= INFORMATION SUPPLIED =
———

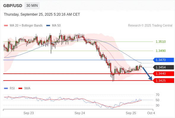 在 1.3470 之下,看跌,目标价位为 1.3440 ,然后为 1.3425 。
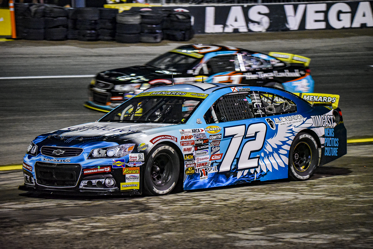 The day at the Las Vegas Motor Speedway Bullring was largely disrupted by the weather. Thunderstorms, wind, and rain prevented the qualifying session from taking place and delayed the start of the race by more than two hours. But once the green flag waved, the race was intense, with numerous lead changes, crashes, and an exhilarating finale.
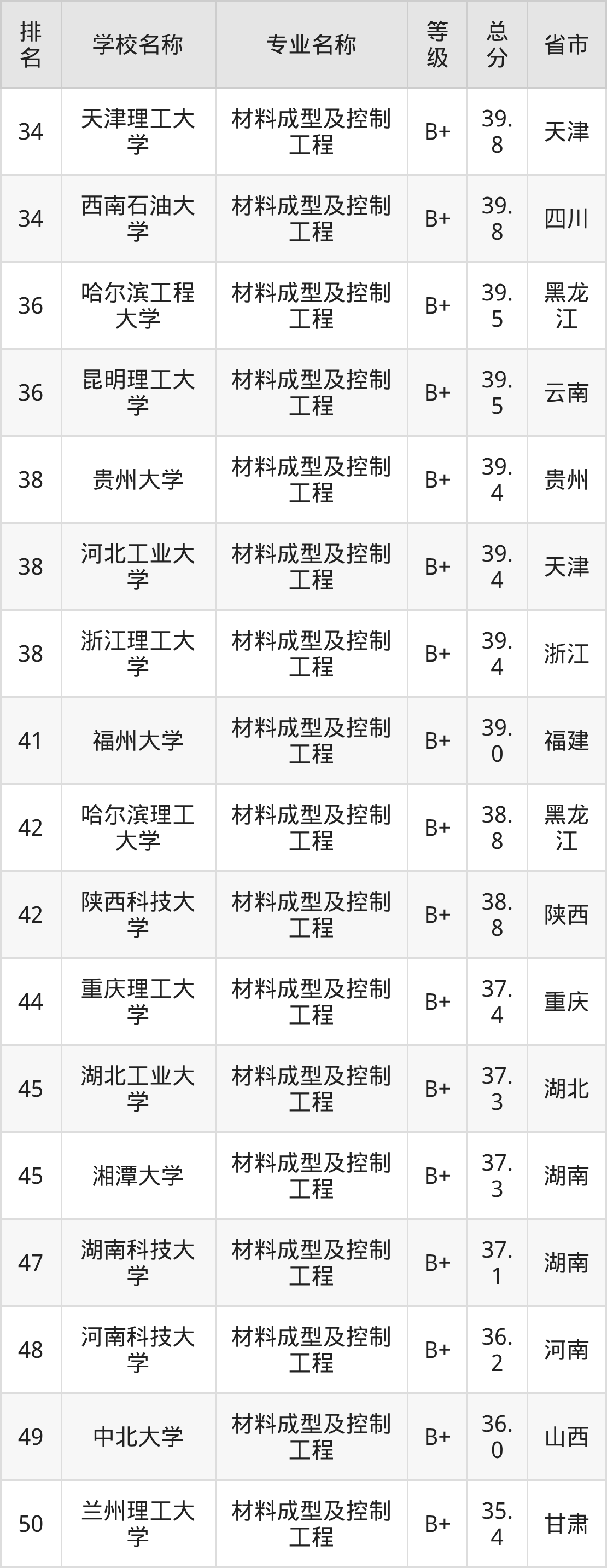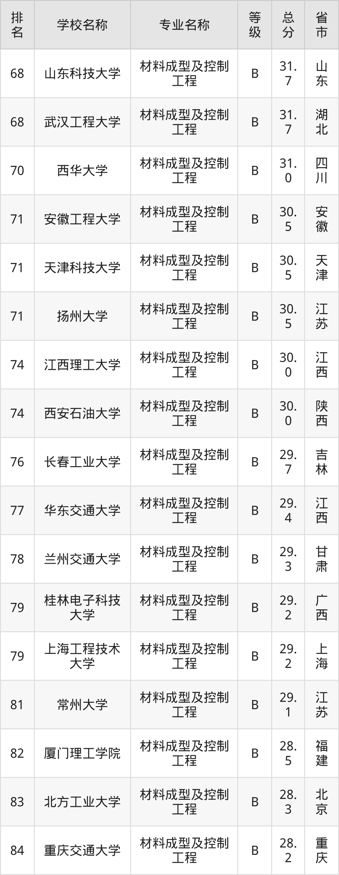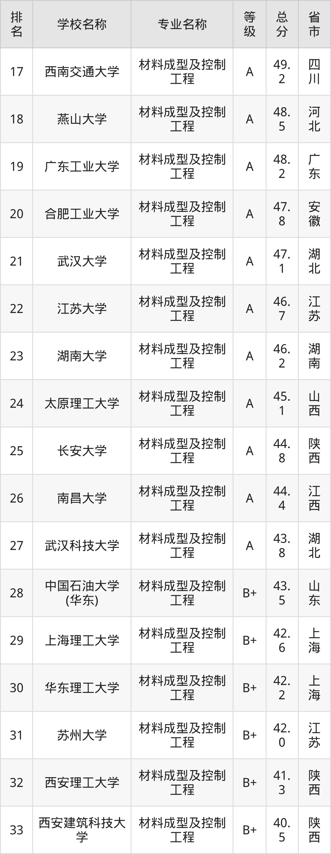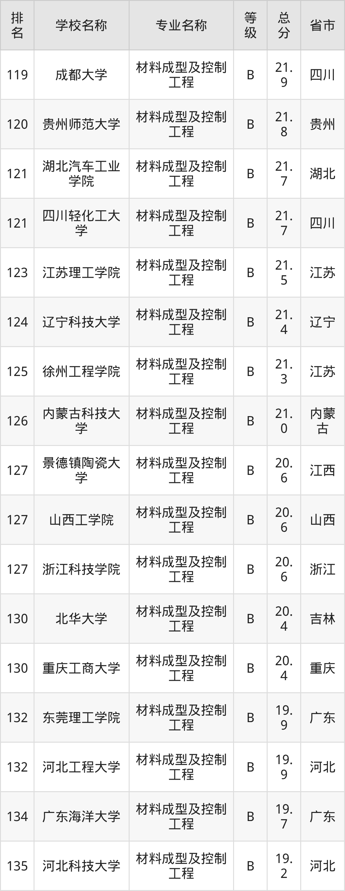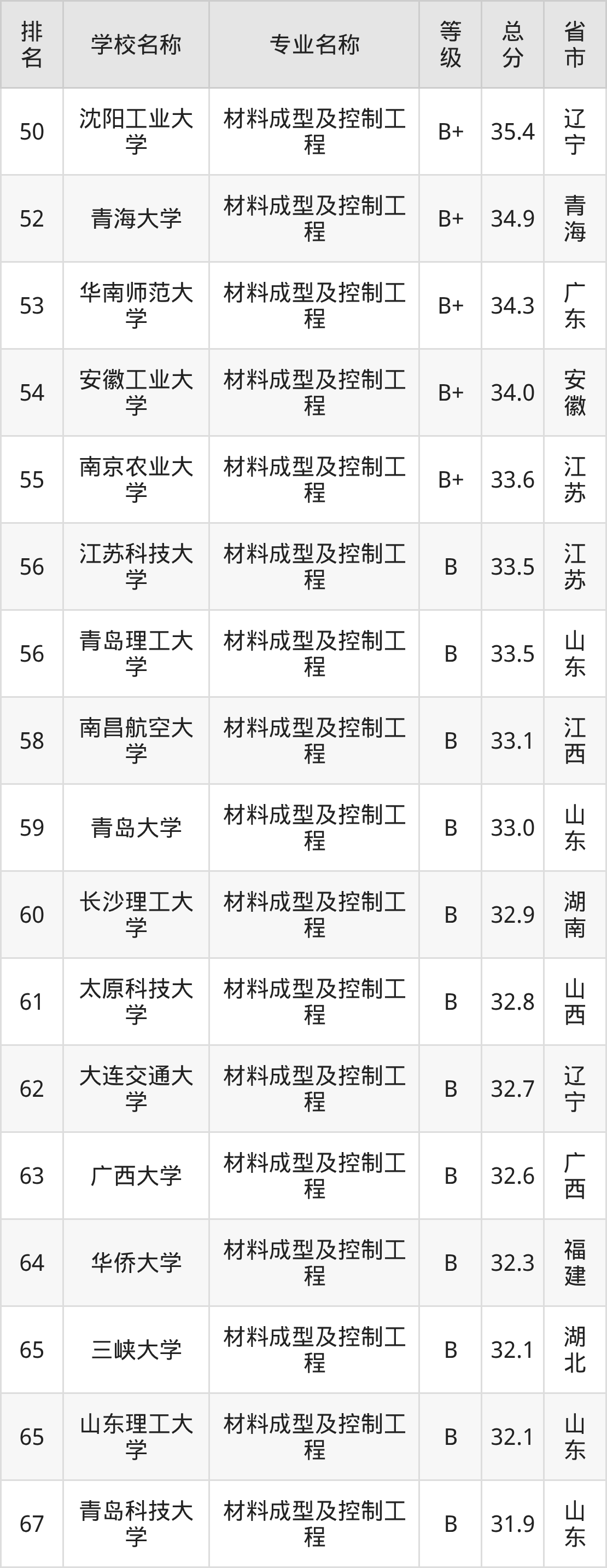 附材料成型及控制工程专业全国139所院校排名榜单一览表!

———

= WORK INSTRUCTIONS =
Each line of the material needs to be given again exactly, without any of its pictures.

= EXERCISE OUTPUT =
 在 1.3470 之下,看跌,目标价位为 1.3440 ,然后为 1.3425 。
 The day at the Las Vegas Motor Speedway Bullring was largely disrupted by the weather. Thunderstorms, wind, and rain prevented the qualifying session from taking place and delayed the start of the race by more than two hours. But once the green flag waved, the race was intense, with numerous lead changes, crashes, and an exhilarating finale.
 附材料成型及控制工程专业全国139所院校排名榜单一览表!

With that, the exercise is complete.